Code for "Paired 3D Model Generation with Conditional Generative Adversarial Networks" published in ECCV 2018 - 3D Reconstruction in the Wild Workshop
Generative Adversarial Networks (GANs) are shown to be successful at generating new and realistic samples including 3D object models. Conditional GAN, a variant of GANs, allows generating samples in given conditions. However, objects generated for each condition are different and it does not allow generation of the same object in different conditions. In this paper, we first adapt conditional GAN, which is originally designed for 2D image generation, to the problem of generating 3D models in different rotations. We then propose a new approach to guide the network to generate the same 3D sample in different and controllable rotation angles (sample pairs).
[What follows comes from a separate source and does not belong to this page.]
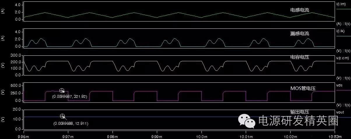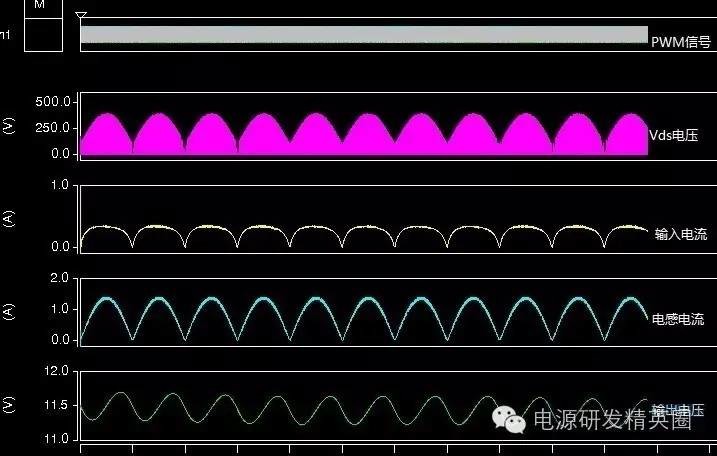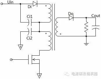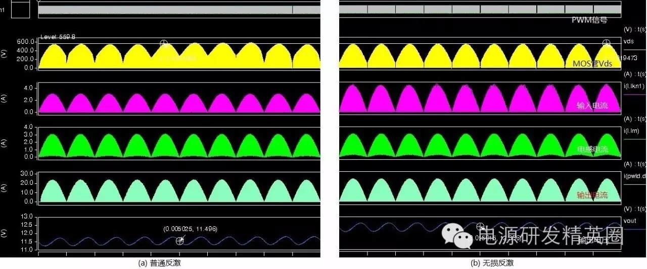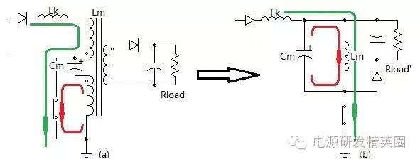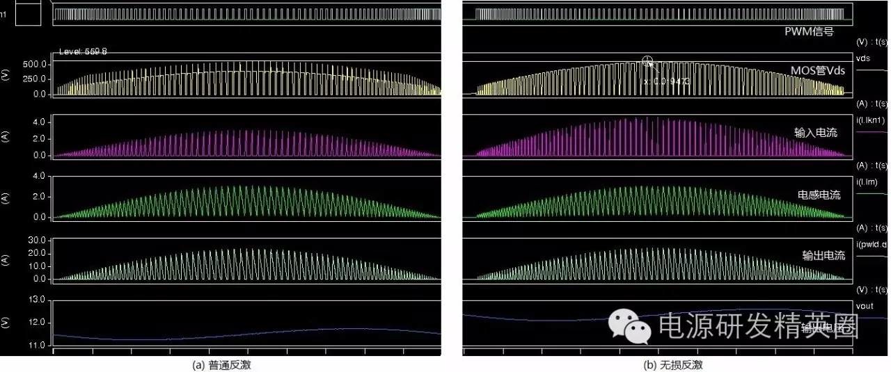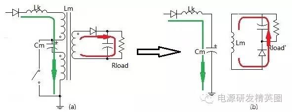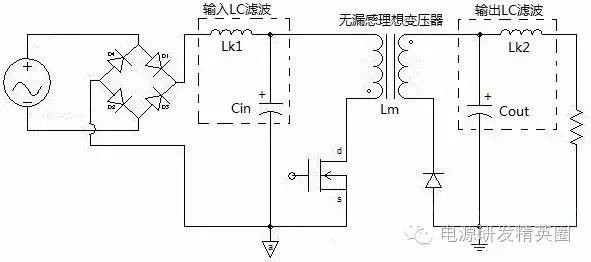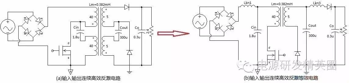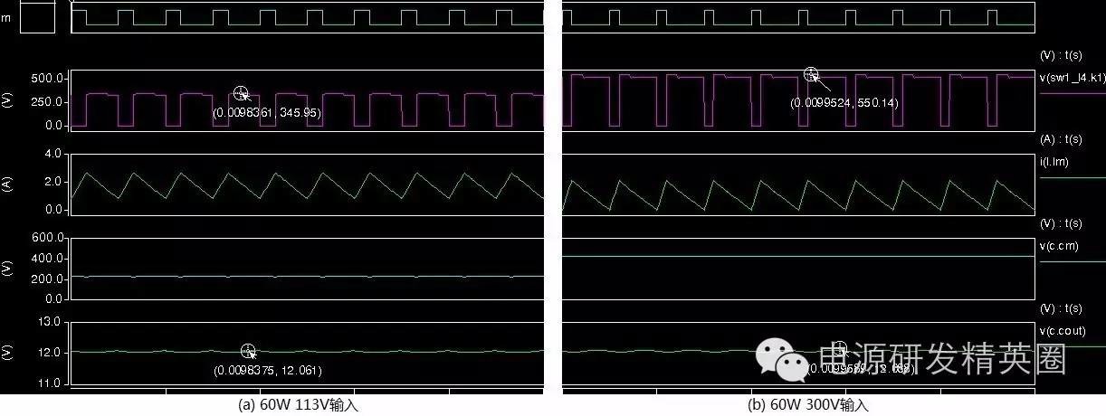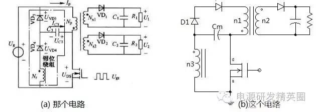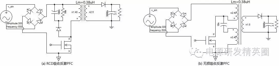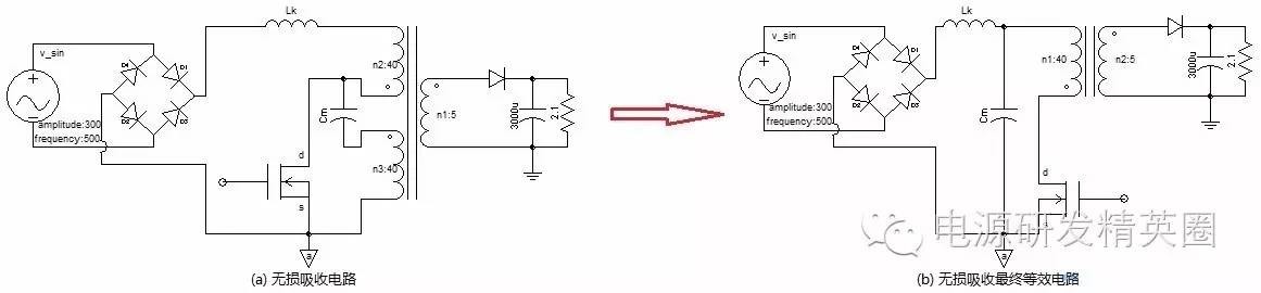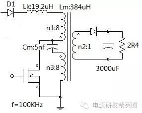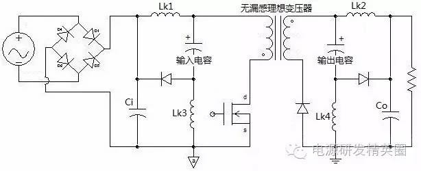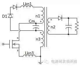 对于反激电路多数情况下是希望漏感越小越好,偶然发现一个电路可以将漏感的能量传递到次级同时还保持着反激电路简单、低成本的特性,并且通过略微调整可以得到几种不同的应用。对于软开关类的电路漏感又是有益的,一般漏感都是由工艺决定的,是否可以将漏感设计出来而非生产出来?如果能实现“零”漏感的变压器这个想法估计就可以实现。 这个电路的想法是源自于下面两种电路, ![]() 图1 无损吸收和一种电路 图1中(a)是无损吸收电路是将漏感的能量返回到输入端,这种电路如果参数不合适的话会有较大的无功损耗可能不适用于宽范围的场合。(b)电路是一个网友剖析的一个电路输出功率有1000多瓦,这个电路的缺点是输出功率全部需通过电容Cm来传递类似于Cuk、Speic类电路。综合电路(a)和(b)的特点就有了一个可以解决漏感问题的简单而又低成本的反激电路。 图1中(a)的后半部分加(b)的前半部分就构成了这种电路见下图 ![]() 图2 解决漏感问题的反激电路及等效电路 图2中的两个电路是一样的只是形式不同,如果去掉电容Cm电路的左侧就如同一个带去磁绕组的正激变压器初级侧,同样这里的线圈n1、n3也要采用双线并绕,如果两线圈耦合的好二极管D1是可以省掉的,如果耦合的不好就会产生图1中(a)的效果会有一部分无功损耗。 这个貌不惊人的电路其仿真结果却相当的理想,通过改变漏感Lk和电容Cm的参数还能得到几种不同的应用。限于水平也可能分析的不对,希望各位行家也能一起探讨下。 仿一个12V输出60W的反激电源,参数如下图 ![]() 图3 12V60W反激电路参数 假设初级线圈耦合的比较好可以去掉原D1二极管,因漏感和电容会发生震荡所以把D1串入到输入端只为方便观察波形。在有的应用中反而要加大这个LC震荡,比如QR模式的软开关。 输入为低压113V时的波形如下: 图3-1 漏感电流断续的反激波形在上图中漏感电流是断续的,电容Cm的最大电压200V左右,MOS管的Vds电压321V左右。 这个应用中电容Cm只是用来吸收漏感能量并在下个开关周期将漏感能量传递到次级,适当的增加Cm的容量会得到更好的效果。 ![]() 当电容Cm增大后对漏感的吸收也变强了,此时漏感可以设计的大一些,上图3-2中可以看到漏感的电流已经为连续模式了(可去掉二极管D1),漏感电流亦既输入电流,输入电流连续可以提升电源的性能如果用于功率因数校正可以实现连续模式的反激PFC功能。图中电容Cm的电压钳位在输入电压(113V)左右,MOS管的Vds电压215V左右为输入电压+反射电压(100V左右)之和,由此可推断在高压输入300V时MOS管的Vds电压为300+100=400V左右,MOS管可以选用低电压型号的,电容Cm容量大了成本也会高这个可能需要权衡一下。 先就自己的理解去分析下这个电路的原理,首先分析图3输入串二极管的电路。 ![]() 图4-1-1 开关导通时的工作模式及等效电路 图4-1-1中的(b)是开关导通时的等效电路,工作模式分两个阶段: 开关导通初期阶段,电容Cm上的电压高于输入电压所以先由Cm驱动电感Lm,当Cm的电压≤输入电压时这一阶段结束,电容Cm上只存储漏感的能量所以这一阶段时间很短。 开关导通后期阶段,漏感Lk和电感Lm串联由输入电压驱动同时电容Cm和电感Lm会发生轻微震荡(某些情况是靠这个震荡把漏感能量传递到次级)。 ![]() 图4-1-2 开关截止时的工作模式及等效电路 见图4-1-2中的(b)等效电路,在开关关断期间输入和输出可视为两个独立的电路,输入侧漏感Lk的能量被电容Cm吸收,输出侧电感Lm对负载释放能量。 由上面两个过程分析可知,在开关Toff期间电容Cm只存储漏感的能量,在开关Ton期间电容Cm只释放所存储的漏感能量并将其传递到输出侧,除此之外同普通的反激没什么区别。一般设计反激电路时会为漏感预设160V左右的余量,当用这个电路后这个160V可以忽略了(根据Cm的大小范围在0-160V之间)可用低耐压的MOS管同时漏感能量传递到次级整体效率会提升不少。 其次反激变压器在连续模式下其输出二极管有反向恢复问题,见下图 ![]() 反向恢复问题可等效的看作是在MOS管旁并联了一个大电容造成开启瞬间出现一个电流尖峰,根据反激开关电源的工作机理增大漏感可以抑制这个电流尖峰,见图4-2-2 ![]() 图4-2-2 漏感可抑制输出二极管反向恢复造成的电流尖峰 在以往情况下增加漏感意味着损耗增大效率降低,漏感小又有反向恢复问题效率也会降低只能折中选取一个漏感。当采用这种新拓扑的话问题就容易解决了,可以增大漏感又不影响效率。 在前面图2中初级线圈n1、n3是采用双线并绕,在这个应用中不采用并绕的方式或者是额外引入漏感使n1、n3线圈都寄生有漏感,电路如下 ![]() 图4-2-3 解决输出二极管反向恢复问题的电路 仿真结果如下: ![]() 图4-2-4 解决输出二极管恢复问题的仿真 从图4-2-4中可以看出增加的漏感Lkn3很好的抑制了电流尖峰,不过漏感Lkn3上的能量只能传递回电源形成无功功率,好在这部分能量不大无功损耗也就更小了。 有一篇叫做“反激变换器绕组钳位电路的设计与分析”的文章与这里的电路非常的相似 那个电路所具有的优点也是这个电路的优点,从而验证了之前的理论和仿真结果。不过这里的电路有着更优异的特点,见下面两个电路对比图 ![]() 图 4-2-5 那个电路与这个电路的对比 两个电路的区别就在于二极管的接法略有不同,图(b)这个电路能达到更高的效率而且可以实现软开关。 可能

Unlike previous studies, the proposed method does not require modification of the standard conditional GAN architecture and it can be integrated into the training step of any conditional GAN. Experimental results and visual comparison of 3D models show that the proposed method is successful at generating model pairs in different conditions.
This is an up to date re-implementation of the paper with PyTorch 1.5 (the original code is written with Tensorflow 1). 3D ShapeNets dataset is used for all experiments. Some parts are modified for better results, but the approach and the workflow are the same. Training takes around a few hours on an RTX 2070. You can decrease the batch size to reduce the training time or memory consumption. In that case, you may need to adjust the learning rates or the number of epochs.